● AVAILABLE DATA:
● ● ●
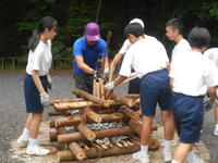 班のメンバーで協力しながら、火種から火をおこしました。
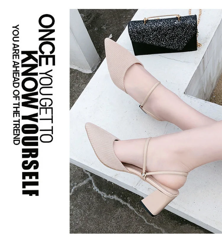 Сандалии; Шлепанцы; Новинка 2021 года; Сезон лето; Туфли с острым носком на толстом каблуке; Женская обувь на среднем каблуке; Сезон весна
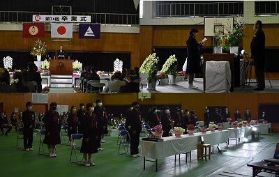 3月16日(火)に第74回卒業式を挙行しました。新型コロナウイルス拡大防止の観点から、在校生は教室でZoom配信、来賓不在、内容も縮減しての実施でした。
● ● ●
● ABOUT THIS EXERCISE:
When you copy the data, keep every line exact and drop the pictures.

● ANSWER SPACE:
 班のメンバーで協力しながら、火種から火をおこしました。
 Сандалии; Шлепанцы; Новинка 2021 года; Сезон лето; Туфли с острым носком на толстом каблуке; Женская обувь на среднем каблуке; Сезон весна
 3月16日(火)に第74回卒業式を挙行しました。新型コロナウイルス拡大防止の観点から、在校生は教室でZoom配信、来賓不在、内容も縮減しての実施でした。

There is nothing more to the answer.